Cette femme, à le croire, travaillait pourtant pour la Gestapo, et n’aurait décidé qu’au dernier moment de ne pas les livrer, lui et sa sœur, à une mort certaine.

Le travail central du film est celui de la mémoire, la mémoire d’un regard de la passeuse identifié par l’enfant comme le moment précis où elle a pitié de lui et choisit de le sauver. C’est une enquête familiale que l’on peut aisément affilier à celles menées par Georges Perec et Robert Bober dans leurs Récits d’Ellis Island en 1979 et par Bober en hommage à son ami disparu dans En remontant la rue Vilin en 1992.

Après des décennies de mutisme, sur l’insistance de son fils mais hors de sa présence, Bernard Prazan accepte en 2006 de raconter son histoire, une fois et une seule, devant les caméras de la fondation pour la mémoire de la Shoah. Le dispositif de La Passeuse des Aubrais va reposer sur un double témoignage, celui du père, âgé de sept ans au moment des faits, figé dans une certaine raideur, presque agressif, et plusieurs années plus tard celui, tout aussi exceptionnel, de la passeuse Thérèse Léopold, retrouvée et interrogée, vieille femme à la veille de sa disparition, livrant une version très différente de celle du père, niant toute collaboration avec la Gestapo, et rappelant qu’elle est aussi une victime des camps, une survivante d’Auschwitz. Version qui sera minutieusement vérifiée par Michaël Prazan et s’avérera au final exacte.
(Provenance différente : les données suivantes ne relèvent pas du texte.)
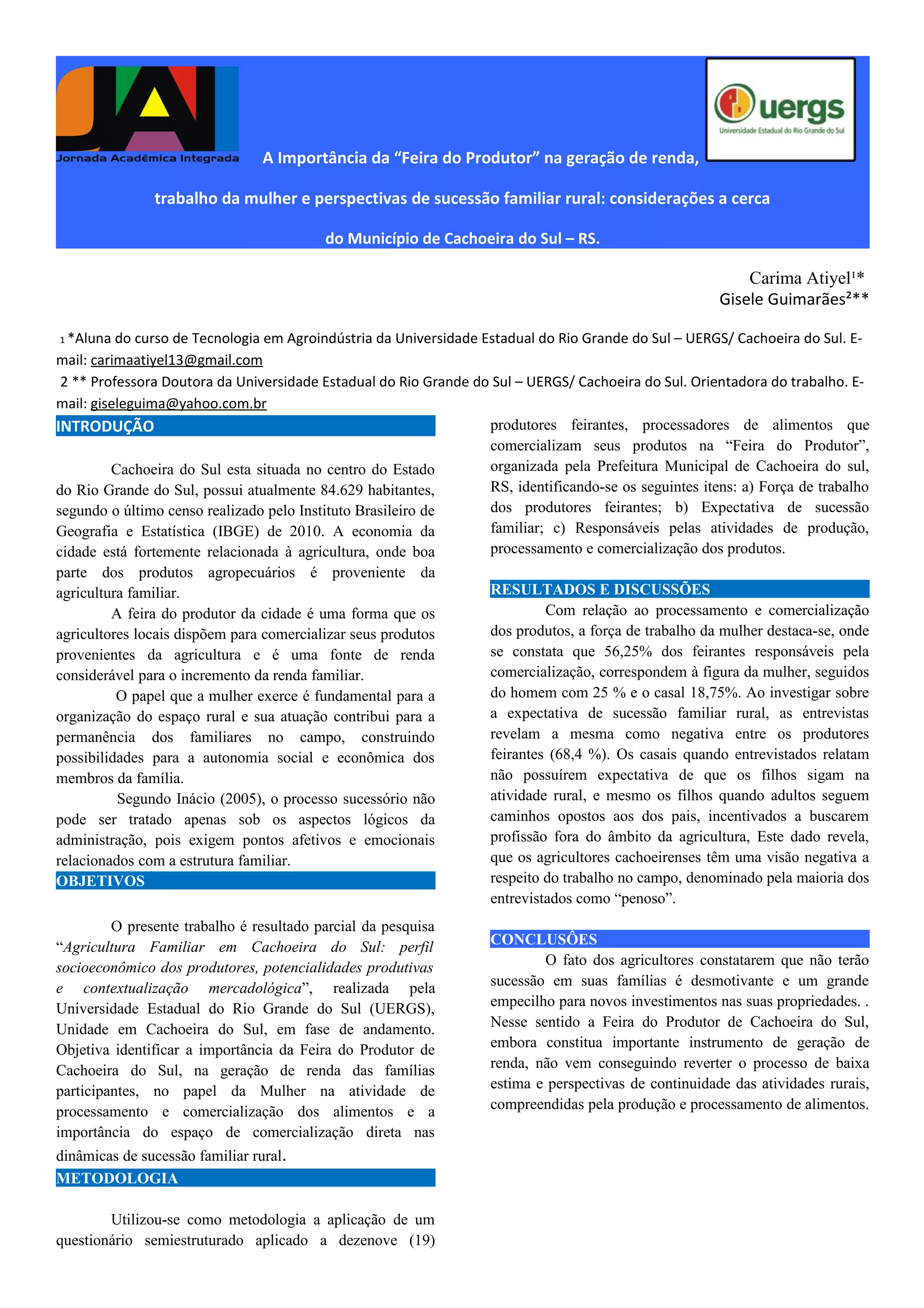 O documento discute a importância da Feira do Produtor na geração de renda para famílias rurais em Cachoeira do Sul, RS. A pesquisa mostra que a maioria (56,25%) dos vendedores na feira são mulheres. No entanto, a maioria dos agricultores (68,4%) não espera que seus filhos continuem trabalhando na agricultura, o que pode comprometer o futuro do setor. Apesar de gerar renda, a feira não tem revertido a baixa estima e perspectivas negativas em relação à contin
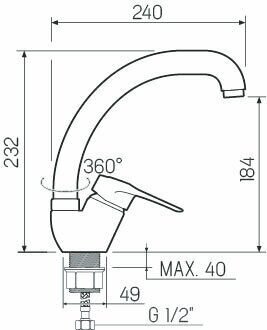 | Высота излива | 184 мм |

On ne comprend jamais rien aux pères, leurs silences, leur pudeur, leur sévérité, leur autorité et leur vie que tout fils tente de décrypter avec ferveur comme s’il s’agissait d’établir un nouveau chapitre de la Légende Dorée. Une fois qu’ils ont disparu, la page tournée, on repart à leur recherche, on essaye enfin de comprendre, de dénouer les nœuds... Jamais on n’y parvient tout à fait.

Ce qui captive particulièrement dans ce film, c’est la fragilité des témoignages, la parole du père, d’abord d’évangile, puis mise en question par les recherches du fils, le portrait de la passeuse qui au final n’est pas la collaboratrice que le père décrit, même si des zones d’ombres subsistent, même si on la sait capable de représentations antisémites héritées du discours de la première moitié du vingtième.

En ce sens et comme chez Perec et Bober l’histoire d’une vie déborde son sujet apparemment privé, personnel, de l’enquête familiale pour rejoindre le fond dont toute la littérature est issue : un roman de filiation et de mort.

Dans un entretien donné à la revue l’Arc en 1979, Georges Perec écrivait : Cette recherche de mes racines, qui m’a depuis conduit vers de nombreux chemins que je n’ai pas fini de parcourir, m’a fait je crois, prendre conscience de cette appartenance à une culture fondée sur l’exil et sur l’espoir, sur l’effacement et le recommencement, le film de Michaël Prazan répond au même besoin.